People ex rel. Jannicky v. Warden of City Prison ( 231 A.D. 131, 137) is the most enlightening authority on the proposition which the court has found. LAZANSKY, P.J., writes: "In order to avoid the possibility of misunderstanding, fraud or coercion in such an important matter, the Legislature provided for the observance of formalities as the free expression of the act of the person about to testify, entirely removed from outside influence. The waiver is to be signed and acknowledged and filed in the county clerk's office."
This opinion disagrees with the majority opinion of the court only as to the necessity of filing a waiver in the county clerk's office. The same reasoning applies to a defendant whether he appears voluntarily or under compulsion.
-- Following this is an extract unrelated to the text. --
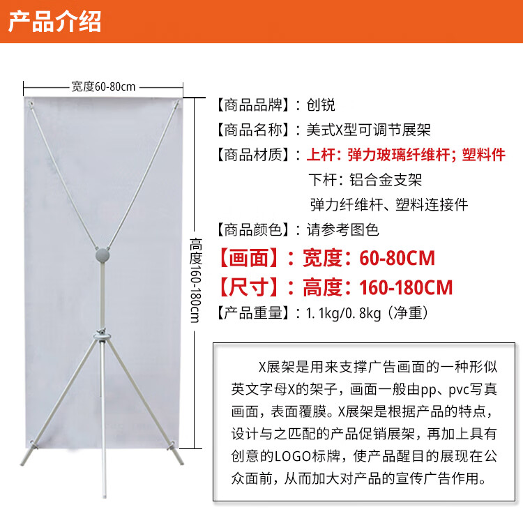 创锐美式可调节X展架 80*180易拉宝 室内结婚海报架 铝合金X展架 80*180cm单展架-室内用
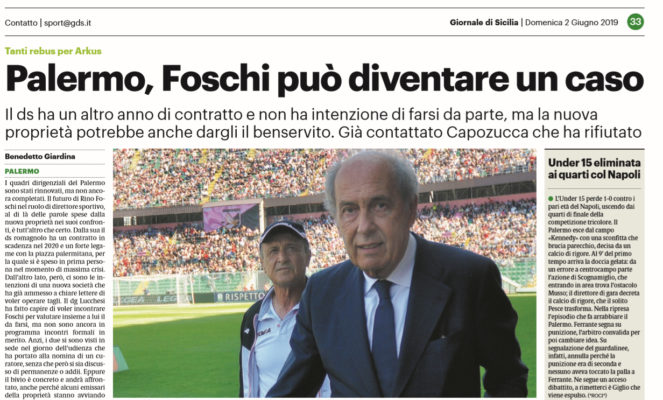 Gds: “Palermo, Foschi può diventare un caso. Già contattato Capozucca che ha rifiutato, i dettagli”

It is just as essential in one as in the other that misunderstanding and fraud should be avoided. Of course, his attorney cannot enter the grand jury room with him, and when he testifies it is without the presence of counsel. Only by strict observance of the provisions of section 2446 of the Penal Law can we safeguard against the evil which is so clearly pointed out in People ex rel. Jannicky v. Warden of City Prison ( supra). (See, also, charge by Judge CRAIN in Matter of Grand Jury, [Gen. Sess.] 135 N.Y.S. 103.)
It is the opinion of the court in view of the record that is provided that to deny this motion would be an abuse of judicial discretion; that a vital constitutional question is involved that defendant should be allowed to urge upon a trial. When and if this case is tried, it may be that this question will be presented to a higher tribunal for review and the question involved clarified. However, the defendant will have had his day in court and his constitutional rights safeguarded.
Therefore, defendant is allowed to withdraw the plea of guilty and substitute a plea of not guilty to the crime charged in the indictment.